Ce n'est pas amoindrir les réalisations de Warburg que de faire allu­sion à des initiatives comparables, antérieures ou simultanées à la sienne, pour donner une base scientifique à l'histoire de l'art. C'est une initiative privée d'August Schmarsow qui avait donné le jour à l'Institut d'histoire de l'art à Florence ; sa fondation fut décidée en 1893 lors d'un congrès, et l'Empire allemand lui apporta son soutien à partir de 1903. L'Institut historique prussien à Rome avait un département d'histoire de l'art qui, de 1906 à 1915 environ, encouragea les recherches d'Arthur Haseloff sur l'architecture du style des Staufen en Italie du Sud. Cela n'empêcha pas la Colonaise Henriette Hertz d'installer dans le Palazzo Zuccari, que lui avait offert en 1904 le principal représentant de l'industrie de l'ammo­niaque et de la soude, une bibliothèque d'histoire de l'art qui fut financée par des investissements de la même entreprise et donnée en 1913 à la Société de l'empereur Guillaume. Une année plus tard, Warburg songea pour la première fois à l'institutionnalisation de sa bibliothèque2.

Mais d'autres initiatives privées ont aussi marqué le climat dans lequel l'initiative de Warburg a pu s'épanouir. Il n'était pas rare que leurs instigateurs répondent eux aussi aux caractéristiques du privat-gelehrter. Deux hommes du même âge que Warburg, Ulrich Thieme et Karl G. E. F. Becker, ont créé à Leipzig les conditions techniques et structurelles permettant d'attirer d'innombrables experts, y compris en provenance d'autres pays, afin d'établir une œuvre en 36 volumes, le Dic­tionnaire universel des artistes, depuis l'Antiquité jusqu'à nos jours — la science allemande produisit ainsi une œuvre de référence dont on ne peut tou­jours pas se passer aujourd'hui, où que ce soit dans le monde. Mais les

1. Livre de copie, vol.
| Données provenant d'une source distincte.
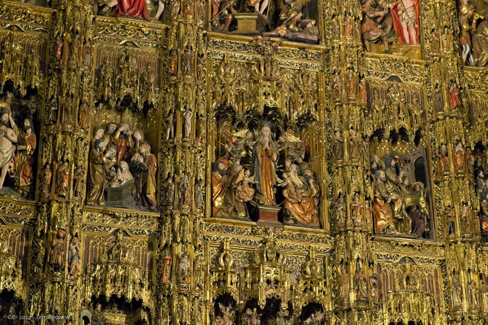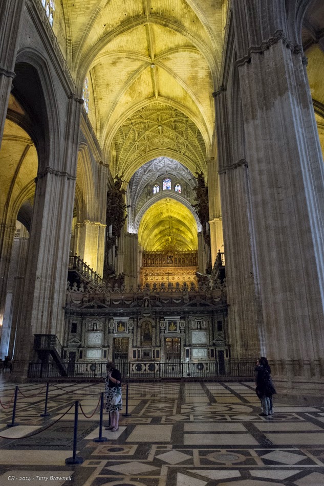Having been here before, we decided to just take our time and shoot a lot of photos of things we’d missed previously. I got those long hoped for photos of Christopher Columbus’ tomb and many of the very beautiful stained glass windows. But no matter what you seek in these places, you always come away with the same feeling – one of overpowering excess. So much gold, so much finery, all in the name of someone who ostensibly lived and died simply. It really makes you appreciate the rape of the New World and the amount of death that went into these riches. The real beauty of the place though doesn’t come until you step outside into one of the remaining features of the mosque that stood here before, the orange tree garden with its complex geometric brickwork, bubbling fountain and flowing water. Religious dogma aside, the 10thcentury Muslims had it much more together when it came to conveying a sense of spiritual peace with their sacred architecture.
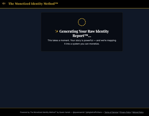Your identity is the asset. This Personalized report analyzes your lived experience, culture, skills, and goals to reveal 3 tailor-made ways to monetize your identity—from digital products to content creation, affiliate marketing, or even a physical product line. You’ll also get a mini value ladder for your best path (low, mid, and high-ticket ideas) so you can start smart and scale with purpose.

IV, p. 275, dans la pièce Warburg du Warburg Institute London, m'a été transmis par Michael Diers.

2. Saxl, Die Geschichte der Bibliothek Warburg, p. 439.

campagnes de photographie que Richard Hamann entreprit avec ses propres moyens depuis 1913 à Marburg, et les archives illustrées qu'il en tira et qui lui permirent d'approvisionner en diapositives les séminaires d'histoire de l'art des autres universités, finirent par donner matière à la création d'un institut de recherche. Vers 1927, cet établissement tenta d'obtenir le statut d'un institut du Reich : ce fut donc le précurseur de l'actuel Institut central.

A l'époque, beaucoup de charlatans et de beaux-parleurs tournaient autour de la discipline, déclenchant des querelles et des débats inces­sants ; mais on trouvait tout de même toujours des marginaux ingénieux et des personnalités de caractère, tel Carl Giehlow, un privatgelehrter du Holstein installé à Vienne, de trois ans l'aîné de Warburg, qui aban­donna son poste d'assesseur gouvernemental à Berlin afin de venir à Vienne passer son doctorat sur le Livre d'Heures de Maximilien. Ses études sur la Melencolia I de Dürer (1903), mais surtout « Die Hierogly­phenkunde in der Allegorie der Renaissance (La science des hiéroglyphes dans l'allé­gorie de la Renaissance, 1915) auraient pu en faire un rival de Warburg pour le rang de fondateur de l'iconographie moderne — si celui-ci se lais­sait réduire à cette fonction1. On peut voir à quel point la discipline fai­sait preuve d'ouverture intellectuelle en se penchant sur le cas d'un fonc­tionnaire au Germanisches Nationalmusum de Nuremberg, Thedor Eduard Hampe, qui présenta en 1904, en 3 volumes, l'admirable édition des Nürnberger Ratsverlässe et travailla ensuite pendant de longues années à ses Sieben Bücher vom idealen Egoismus qui lui permirent en 1926 de se pré­senter comme philosophe devant le public2. Discipline et goût du risque, originalité et universalité influaient ainsi de diverses manières sur la disci­pline : les projets de Warburg ne venaient donc pas vraiment de nulle part.

L'entreprise de Warburg peut revendiquer une certaine singularité du fait de sa composante juive. L'intelligentsia juive animait la jeune dis­cipline. Adolph Goldschmidt, qui était lui aussi un fils de banquier ham-bourgeois issu d'une famille juive, était devenu professeur titulaire à Ber­lin ; c'était un exemple du fait que la discipline ne plaçait pratiquement pas d'obstacle sur le chemin d'un homme réellement qualifié. La société de Hambourg, ou du moins la jeune Université de Hambourg, créait un climat d'ouverture par lequel l'Institut de Warburg pouvait certaine­ment se sentir porté. Le fait que son frère, Max Warburg, ait figuré sur de nombreuses affiches antisémites parmi les juifs que l'on diffamait, aura certainement conforté la banque dans sa volonté de soutenir l'activité universelle et productive de la bibliothèque, dont le rayonnement ne ces­sait de croître, et de poursuivre ce travail après la mort d'Aby Warburg 3.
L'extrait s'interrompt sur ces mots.